Never – I mean never – would I have guessed when I was a kid that homosexuality would someday figure in what we would come to call the Culture Wars. Up until my twenties, figuring out what sex was all about was totally personal. I shared it with no one. Even into my thirties I was just getting used to the idea that I was part of a minority of folk who got turned on differently from most people and it might help to band together to try to figure out what the hell was going on. All I knew for certain – and that’s one certainty that has never wavered – was that much of the world that called the shots got things terribly wrong.
The categories simply didn’t exist to list the many ways the United States would line up on two sides to duke it out over cultural values. Politically, we are red and blue, and red and blue works largely to map the cultural divisions as well, although it’s easy to run too far and too fast with the assumption they overlap perfectly. Progressive and conservative is another shorthand catchall. Clumsy terms people use struggling to put a name on the great divide.

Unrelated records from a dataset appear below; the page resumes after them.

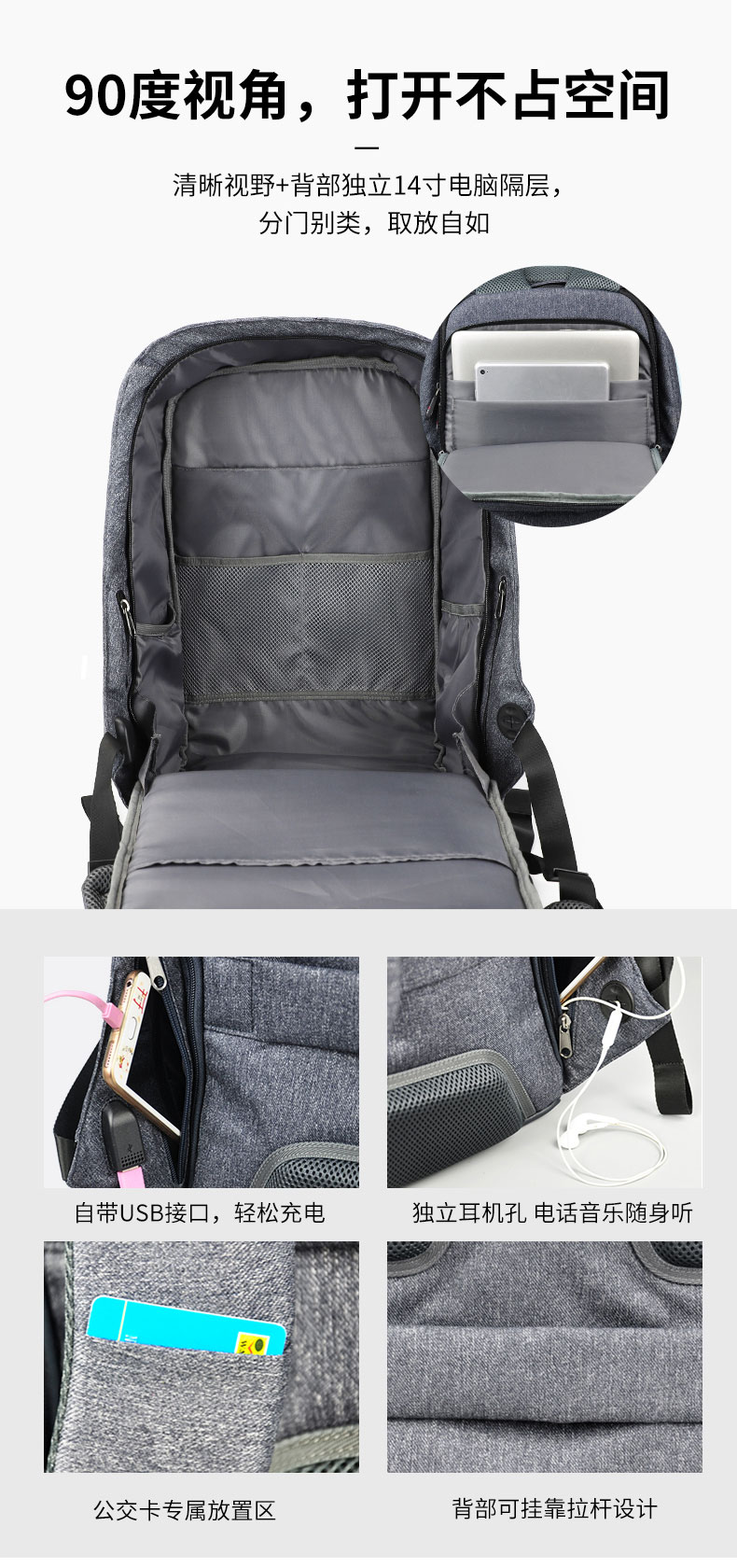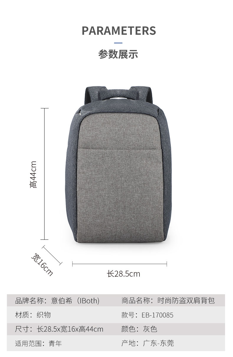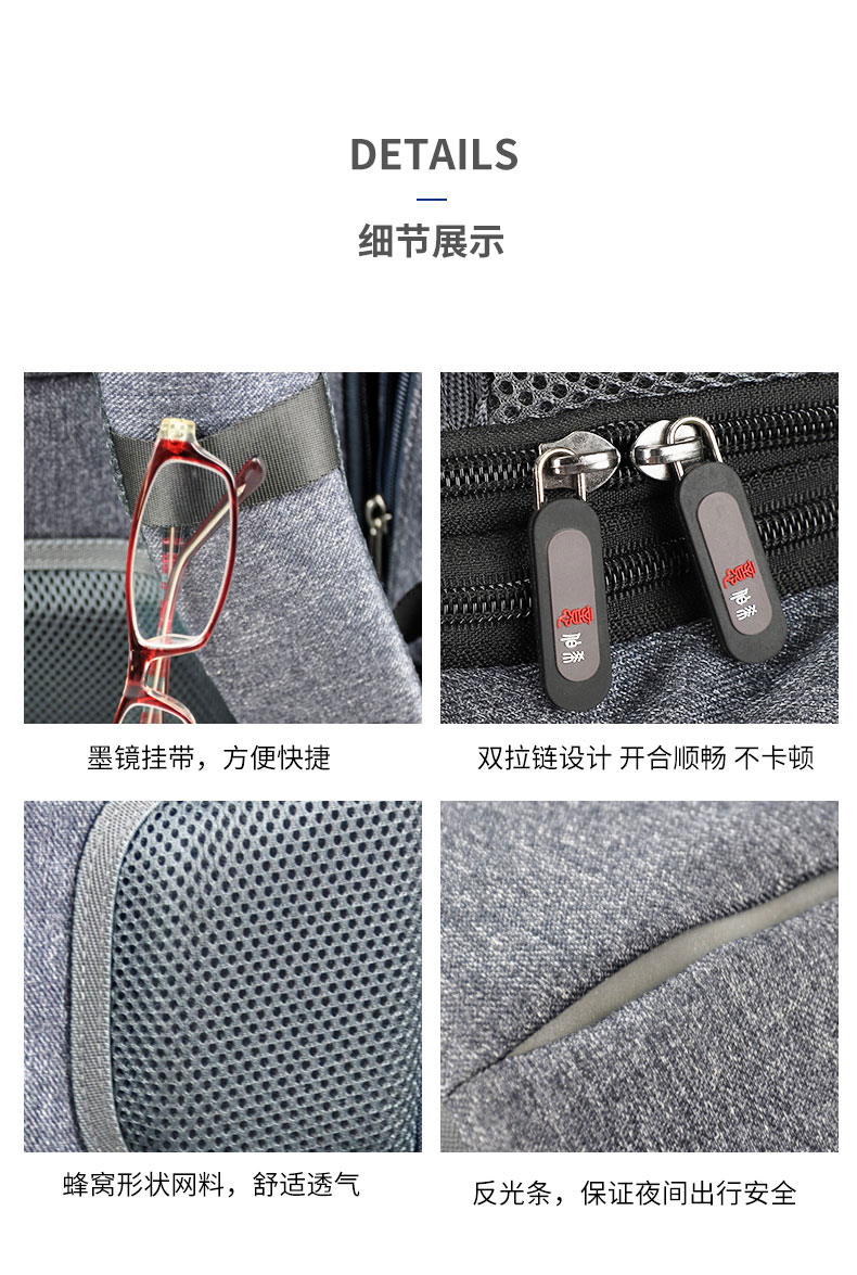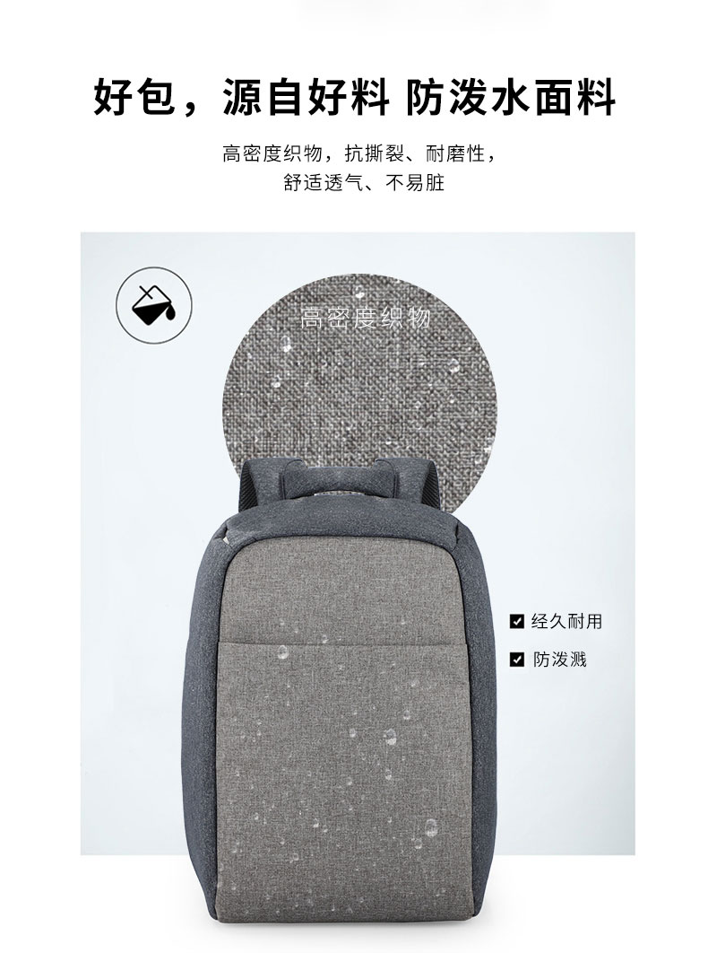 时尚立体防盗双肩背包定制采用高密度织物防泼水面料,抗撕裂、耐磨,舒适透气不易脏。背部隐藏拉链,保险箱式无缝防盗结构。可定制私人或企业logo,背部独立14寸电脑隔层,分门别类取放自如。自带USB接口轻松充电,独立耳机孔。双肩包的主要特点是方便携带,解放双手,轻负重、耐磨佳,为外出提供了方便。根据材质的不同又会成帆布包,牛津布包,尼龙布包。双肩包定制请认准豪门国际科技双肩包厂家。豪门国际科技是一家拥有24年双肩包定制经验的双肩包厂家,自建15000㎡工业园、16条智能生产线、32人设计团队,合作伙伴有新秀丽、阿里巴巴等企业。所以,豪门国际科技是您值得信赖、值得选择的双肩包厂家。定制热线:18575391373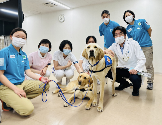 2024年5月、候補犬トミー、ミコの訪問時にファシリティドッグ導入ワーキング・グループの医療従事者の皆さんと。当日は入院患者の方々と触れ合い、活動の様子を実際にご覧いただきました。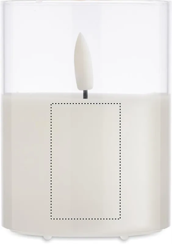 LED-es viaszgyertya üvegtartóban, valós lánghatással. 2 db AA elemmel működik, elem nélkül szállítjuk.

The San Francisco Chronicle has carried an interesting story the past three days on the fate of St. Brigid’s Church, that grand old building on Van Ness and Broadway with more than a century of history serving San Francisco’s Irish Catholic community. They shut her down some time ago. Sold her to an art school for half price to pay for some of the church’s sexual abuse cases. It’s quite a sad tale. For more than a decade, loyal parishoners have met weekly with a series of leaders to fight for their community home. It will make a great movie someday, I’ll bet. Has all the elements of the good fight. Small potatoes catholics want to keep their treasured home. Corporate catholic hierarchy bad guys like Law of Boston, who cost the church much of its fortune, and Levada of San Francisco, who had to sell off St. Brigid’s (the same fellow who sold out gays he knew to be great adoptive parents) to be rewarded, if not in heaven, with cushy jobs at the Vatican. The three-part story is available on the SFGate website, http://sfgate.com/. Type in St. Brigid in the search box.
Elsewhere in the news, black churches are splitting up over whether the struggle for gay rights should be seen as a civil right, a struggle matching the impending split-up of the American Episcopal Church over the same issue.
It sure was simpler when gays stayed in the closet. Since they’ve come out, all hell has broken loose. Or at least that’s how the conservatives /red state folk /traditionalists/ absolutists/ authoritarians (damn, when will we get the proper name for this category?) tell the story. From a gay perspective, the problem isn’t the gays any more than it is women or any of the minorities that have gone before. It isn’t even religion, really, but the kind of religion that puts institutional power structure interests over the interests of the little guy. When folk who argue reality is a never-ending process of reinterpretation get religious, they can be quite friendly.
Most gay people can tell the story of the long march to freedom…
Stage 1: Denial – Queen Victoria supposedly declared she saw no need for a law against lesbianism as part of the Criminal Law Amendment Act of 1885 because she did not believe sex between women was possible.
Stage 2: Distancing with Extreme Prejudice – “I thought people like that killed themselves;” “They’re after your children;” “We’ll put them in the warehouse district on the edge of town, with the whorehouses.”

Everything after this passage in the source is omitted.